*EXERCISE:* In how many lines of the listing below does "that" appear? Reply with the number only.

*DATA TO EXAMINE:*
☆ ☆ ☆ ☆
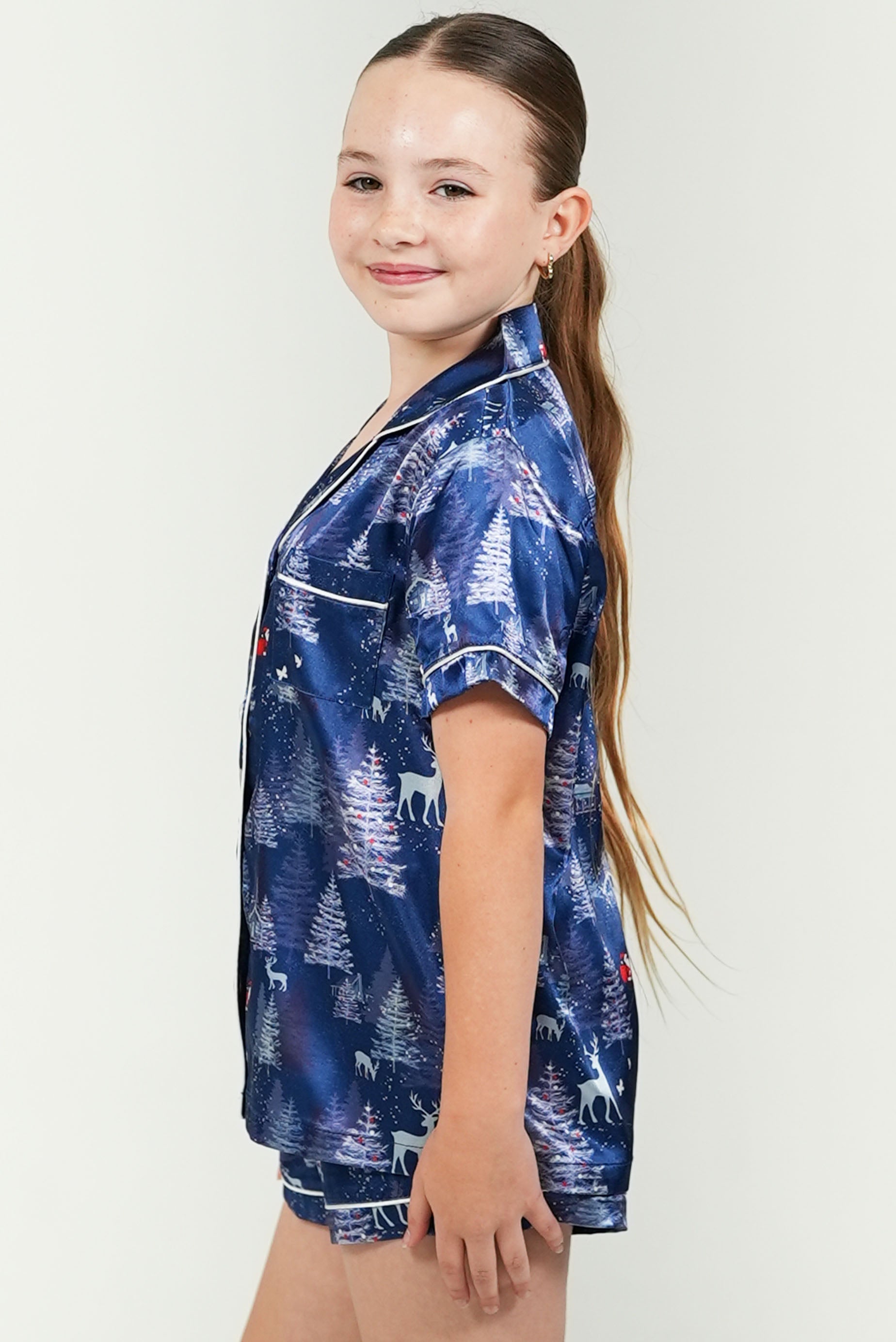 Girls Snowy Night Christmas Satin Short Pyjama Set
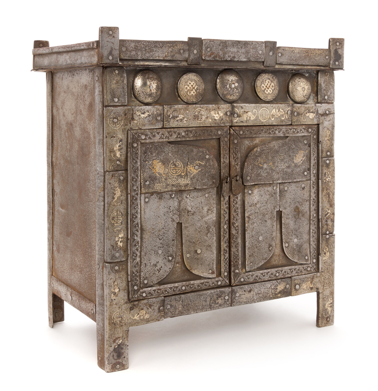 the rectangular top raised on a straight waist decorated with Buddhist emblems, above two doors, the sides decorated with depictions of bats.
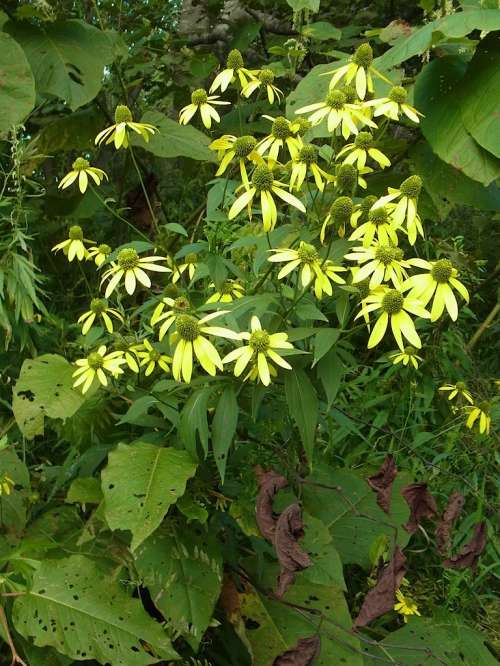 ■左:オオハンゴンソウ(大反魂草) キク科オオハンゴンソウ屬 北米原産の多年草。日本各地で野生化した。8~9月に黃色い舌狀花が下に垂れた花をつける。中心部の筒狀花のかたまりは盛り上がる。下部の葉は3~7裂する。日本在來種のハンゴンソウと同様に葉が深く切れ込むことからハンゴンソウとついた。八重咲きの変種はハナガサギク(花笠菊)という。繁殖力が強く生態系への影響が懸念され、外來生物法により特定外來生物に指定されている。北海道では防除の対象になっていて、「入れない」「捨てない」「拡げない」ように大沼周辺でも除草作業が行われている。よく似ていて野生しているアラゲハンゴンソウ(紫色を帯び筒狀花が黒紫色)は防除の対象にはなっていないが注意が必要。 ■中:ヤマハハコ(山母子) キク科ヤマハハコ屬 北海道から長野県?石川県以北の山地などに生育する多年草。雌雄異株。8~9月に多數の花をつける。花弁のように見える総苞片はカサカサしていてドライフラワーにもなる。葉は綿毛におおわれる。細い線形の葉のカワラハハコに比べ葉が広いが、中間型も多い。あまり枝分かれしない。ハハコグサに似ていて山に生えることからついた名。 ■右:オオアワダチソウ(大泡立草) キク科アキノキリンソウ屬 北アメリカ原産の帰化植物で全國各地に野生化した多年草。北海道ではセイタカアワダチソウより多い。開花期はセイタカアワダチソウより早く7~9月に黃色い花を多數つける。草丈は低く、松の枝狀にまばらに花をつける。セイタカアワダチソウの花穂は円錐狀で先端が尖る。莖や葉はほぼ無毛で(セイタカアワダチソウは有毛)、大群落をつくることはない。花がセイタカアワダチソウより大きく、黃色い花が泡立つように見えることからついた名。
☆ ☆ ☆ ☆
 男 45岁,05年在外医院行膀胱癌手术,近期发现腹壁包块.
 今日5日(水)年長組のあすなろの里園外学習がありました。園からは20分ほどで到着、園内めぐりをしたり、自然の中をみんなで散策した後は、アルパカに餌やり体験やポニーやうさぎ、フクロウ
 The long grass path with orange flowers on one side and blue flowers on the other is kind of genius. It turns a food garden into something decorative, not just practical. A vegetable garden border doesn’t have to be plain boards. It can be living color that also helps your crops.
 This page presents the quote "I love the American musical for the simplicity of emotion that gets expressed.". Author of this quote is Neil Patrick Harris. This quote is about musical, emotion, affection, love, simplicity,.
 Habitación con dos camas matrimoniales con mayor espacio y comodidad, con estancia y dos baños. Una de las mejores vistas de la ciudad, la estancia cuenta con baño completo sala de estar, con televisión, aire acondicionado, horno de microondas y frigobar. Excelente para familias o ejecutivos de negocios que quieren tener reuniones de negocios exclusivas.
☆ ☆ ☆ ☆
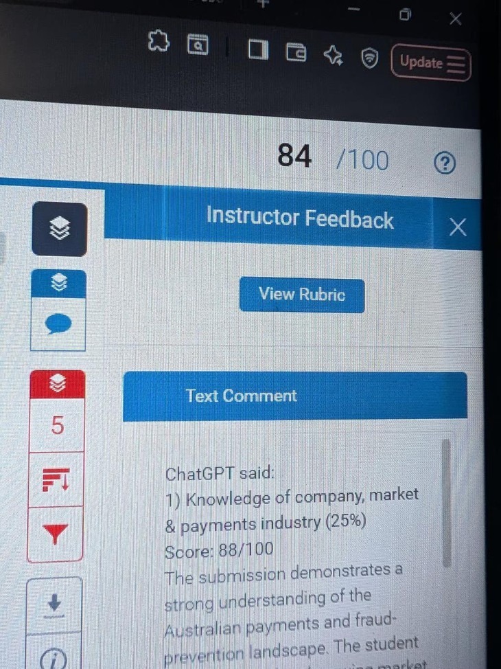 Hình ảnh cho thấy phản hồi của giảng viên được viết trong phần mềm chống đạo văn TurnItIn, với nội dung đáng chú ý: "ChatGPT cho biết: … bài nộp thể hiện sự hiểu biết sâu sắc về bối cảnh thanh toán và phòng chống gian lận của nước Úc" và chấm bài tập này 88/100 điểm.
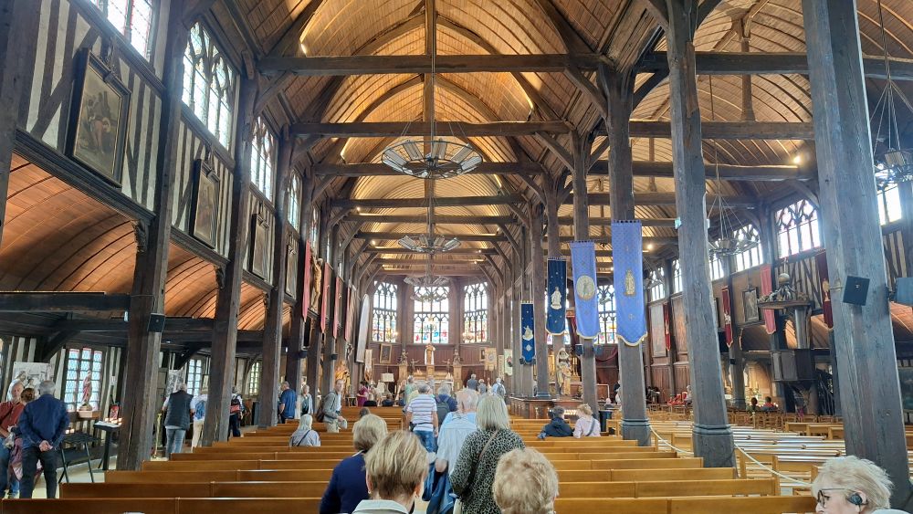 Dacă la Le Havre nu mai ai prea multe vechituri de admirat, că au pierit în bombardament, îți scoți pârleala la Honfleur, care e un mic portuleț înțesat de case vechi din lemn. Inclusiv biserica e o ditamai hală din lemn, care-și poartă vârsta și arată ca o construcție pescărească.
☆ ☆ ☆ ☆
*ANSWER BELOW:* 2